Top Five Micronations


06 Monday 06th December 2010

Most countries are, quite frankly, far too big. Gone are the days when a nation's leader could cast a truly omnipotent gaze over his people - or so we thought. Hidden far at sea and deep in the hills, beyond the reach of Google Streetview, micronations reignCar-free fiefdomsbird-shit republics, de facto sovereignties on sea forts - we sought out the weirdest, the smallest and the most obscure in order to bring them to you, dear reader.
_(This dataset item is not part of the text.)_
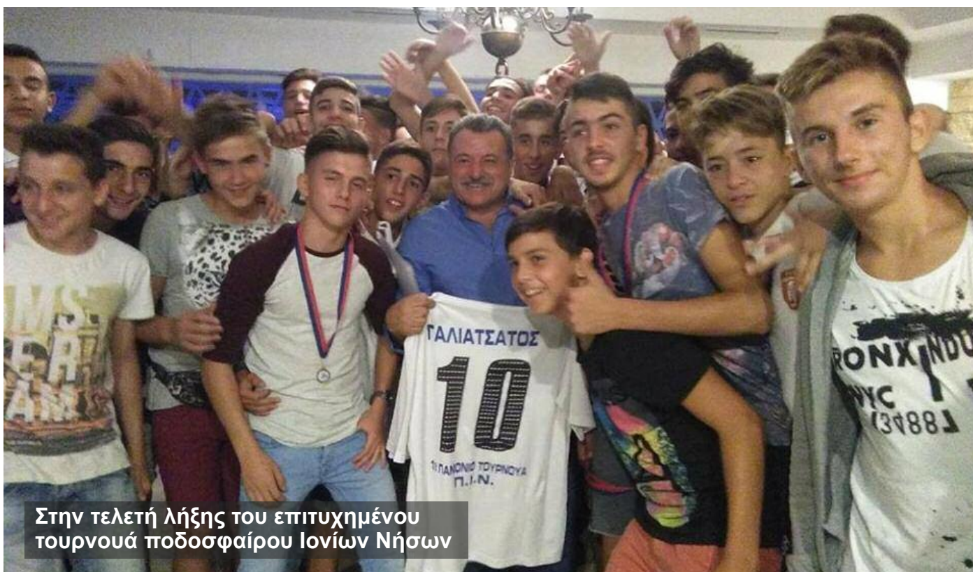
Στην τελετή λήξης του επιτυχημένου τουρνουά ποδοσφαίρου Ιονίων Νήσων
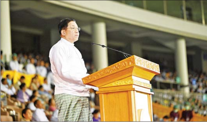
နိုင်ငံတော်စီမံအုပ်ချုပ်ရေးကောင်စီဥက္ကဋ္ဌ နိုင်ငံတော်ဝန်ကြီးချုပ် ဗိုလ်ချုပ်မှူးကြီး မင်းအောင်လှိုင် ၂၀၂၄ ခုနှစ် ပဉ္စမအကြိမ်မြောက် အမျိုးသားအားကစားပွဲတော် ဖွင့်ပွဲအခမ်းအနားတွင် အမှာစကားပြောကြားစဉ်။

◆ ယခုကျင်းပမည့် အမျိုးသားအားကစားပွဲတော်ကြီးကို “နိုင်ငံတော်၏ အားကစား အဆင့်အတန်း ပိုမိုတိုးတက်မြှင့်တင်ပေးရေး၊ (၃၃) ကြိမ်မြောက် အရှေ့တောင်အာရှ အားကစားပြိုင်ပွဲနှင့် အခြားနိုင်ငံတကာအားကစားပြိုင်ပွဲများတွင် ပါဝင်ယှဉ်ပြိုင်နိုင်ပြီး အောင်မြင်မှုရရှိစေရေး၊ နိုင်ငံ့ဂုဏ်ဆောင်နိုင်မည့် အဆင့်မီအားကစားသမားများနှင့် အလားအလာရှိသည့် လူငယ်မျိုးဆက်သစ်အားကစားသမားများ ပေါ်ထွက်လာစေရေး၊ ပြည်နယ်နှင့်တိုင်းဒေသကြီးများ၊ ဝန်ကြီးဌာနများအကြား အချင်းချင်းချစ်ကြည်ရင်းနှီးမှုရရှိပြီး အားကစားလှုပ်ရှားမှုများ ပိုမိုတိုးမြှင့်ဆောင်ရွက်လာစေရေးနှင့် ပြည်သူ့တစ်ရပ်လုံး အားကစားကို ပိုမိုစိတ်ဝင်စားလာပြီး အားကစားလှုပ်ရှားမှုများမှာ ပါဝင်လှုပ်ရှားကစားလာစေရေး” ဟူသည့် ဦးတည်ချက်များ ချမှတ်ဆောင်ရွက်ခြင်းဖြစ်

Sark was, until recently, the last remaining feudal state in Europe. Though a crown dependency like nearby Guernsey, it is independent of the UK and was run by a Lord (the 'Seigneur') who granted land in return for military service. Due to its isolation from the mainland, they've developed all sorts of quirks, such as their own language (Sercquias), and a total lack of cars (horse-drawn carriages are used instead). It also remains a bastion against the smoking ban. Of course, such an idyllic place is bound to be coveted. Back in 1990 an armed French nuclear physicist tried to invade, but was arrested by a solitary officer before he made much progress.
However, last year the island finally decided they would have to modernise to democracy in order to comply with the European Convention on Human Rights. This was necessary as billionaire twin brothers the Barclays (owners of the Ritz and Telegraph) were attempting to challenge Sark law on inheritance, claiming it contravened their human rights (we presume to drive cars and keep the enormous mock-gothic pile they've built on their private island off the coast). Elections were held, and the Barclays produced a glossy pamphlet, promoting their favoured candidates over supporters of the establishment. Unfortunately, fans of the Seigneur were voted in at a ratio of 9-2, and consequently the Barclays chose to close their numerous businesses on Sark, making a quarter of the population redundant. Donations kept the island from falling under the pressure of their would-be oligarchs, and eventually some of the businesses were reopened.
Sealand is the smallest area to lay claim to nation status, with a total area of a only 550 metres square. It was just an abandoned sea fort six miles off the coast of Suffolk, until Major Paddy Roy Bates landed with his family, laying claim to it as his own sovereign state. It was originally outside of British territory, but now we've slyly increased those limits to twelve miles beyond our land borders, enveloping it. It remains in murky legal water however.
Back in 1978, a German attempted an invasion, claiming that he was the Prime Minister of Sealand. As Bates wasn't there, he held his 15 year-old son Prince Michael hostage. His enraged father reclaimed his kingdom by force in a helicopter assault, counter-hostaging the German on counts of treason against Sealand (as he held a Sealand passport). Things got ugly, and German diplomats had to get involved. They have now revoked all passports to combat thousands of fakes flooding the market, so you can't have one. Sealand dollar coins do still exist. A couple of years ago, Pirate Bay tried to buy the principality in order to escape international copyright laws, but the deal fell through.
Hutt River Province
The Hutt River Province broke away from Western Australia in 1970 because of a dispute over wheat quotas. There was universal agreement among the 13,000 population, who would have been bankrupted by the new laws. Naturally the Australian government kicked up a fuss but to avoid prosecution the Hutts appointed a Prince to gain protection under British law. Today they boast a thriving economy based on the Hutt River Dollar and rely on the military might of the Hutt River Defence Force. Citizens may have dual nationality but the borders are strictly enforced. For all their protestations, the Ozzie government has yet to lift a finger.
The world's smallest independent republic, but maybe it shouldn't be. After a series of occupations by Britain, Australia and the Japanese, Nauru was granted its freedom in 1968. It joined the UN in 1999. Of late the country has been crippled by an over-reliance on depleting phosphate resources (fossilised bird shit), which forces the islanders to live on $20 million dollars a year of handouts from the Australian government.
The capital of the Jewish Autonomous ‘oblast', based in Eastern Russia. Created by Stalin in 1934 as a way of quarantining the perceived threat of Judaism, today only five percent of the population are actually Jewish. Until the collapse of the Soviet Union, Birobidzhan was encouraged to practise Russian politics. The main industries are textiles and tractor production. The town entered the history books in 2007 for creating the world's largest menorah.